Our belief that clubs should have certainty was why we tabled amendment 101, which would establish a time limit of one month for the Government’s regulator to decide whether it will grant a provisional operating licence. This is supposed to be the main focus of the regulator, so we believe that it is reasonable to expect that it fulfils that function efficiently. This would be an important and proportionate safeguard. It would not diminish the regulator’s authority, but rather ensure that it is exercised in a timely, effective and accountable manner. It is about introducing clarity, certainty and discipline into a process that, under the Bill as drafted, risks becoming needlessly opaque and potentially open-ended.

We must remember what the provisional licence mechanism is designed to achieve. It is not the final or comprehensive licence that will be granted to a club, as I have just said. It is a stopgap—a holding measure meant to ensure continuity of operation for clubs while their full licensing application is under assessment. In short, it is there to prevent disruption, not to prolong it. Thinking about the footballing element to this, a club that was held in limbo, unable to play, would create a lot of issues for the league and the season overall.

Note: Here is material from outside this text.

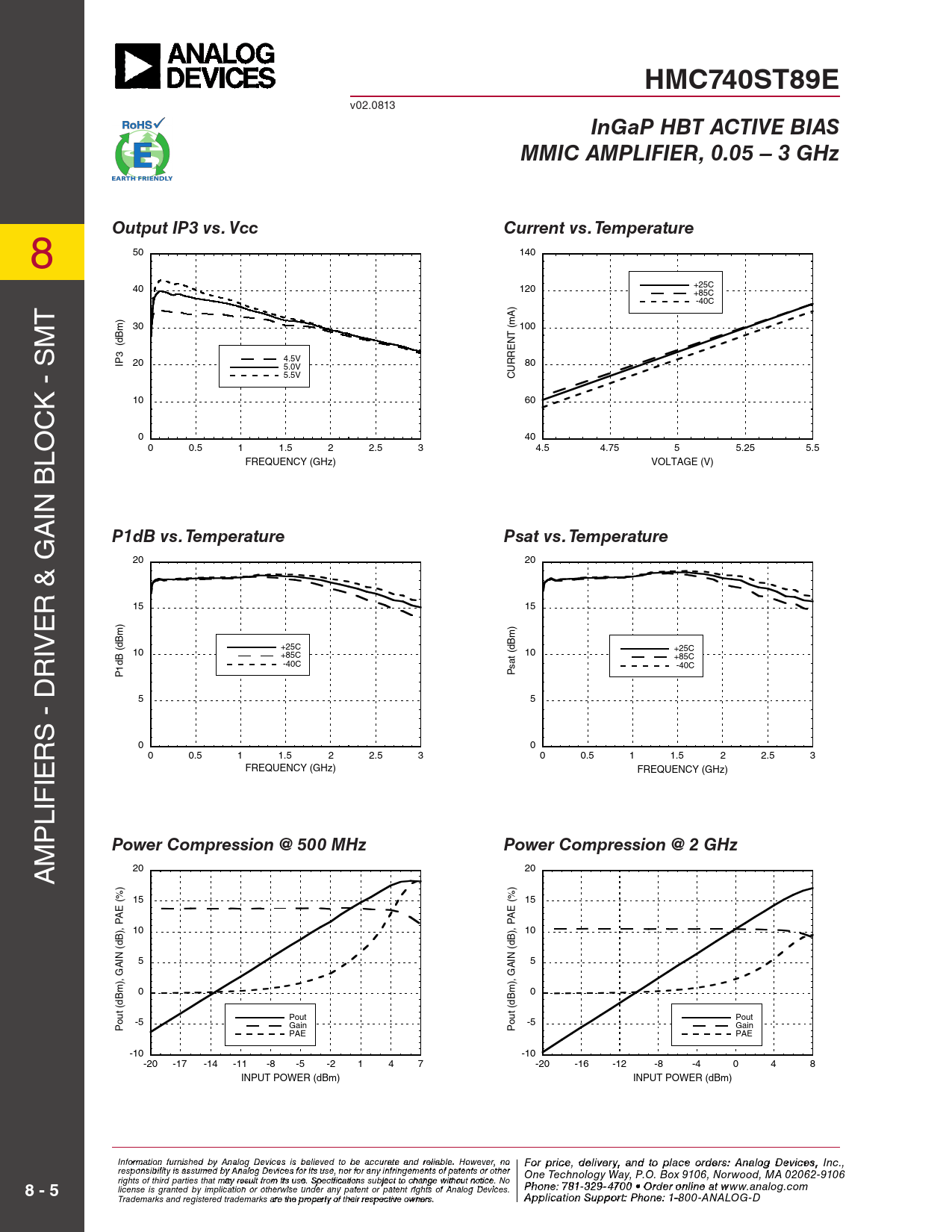 Pages / Page8 / 5 — HMC740ST89E. InGaP HBT ACTIVE BIAS. MMIC AMPLIFIER, 0.05 – 3 GHz. Output …

As it stands, the Bill provides the Government’s regulator with no firm timetable or obligation to act within any defined period when it comes to a provisional licence. That raises two concerns. First, it risks leaving clubs in regulatory limbo, especially those already in difficult situations. That is not just a matter of administrative inconvenience. For clubs living hand-to-mouth, as many sadly are, uncertainty over their licensing status could mean missed deadlines for investment, lost commercial deals or even delays in paying staff and suppliers. In the worst cases, it could trigger crises and the very things that the Bill was supposed to prevent.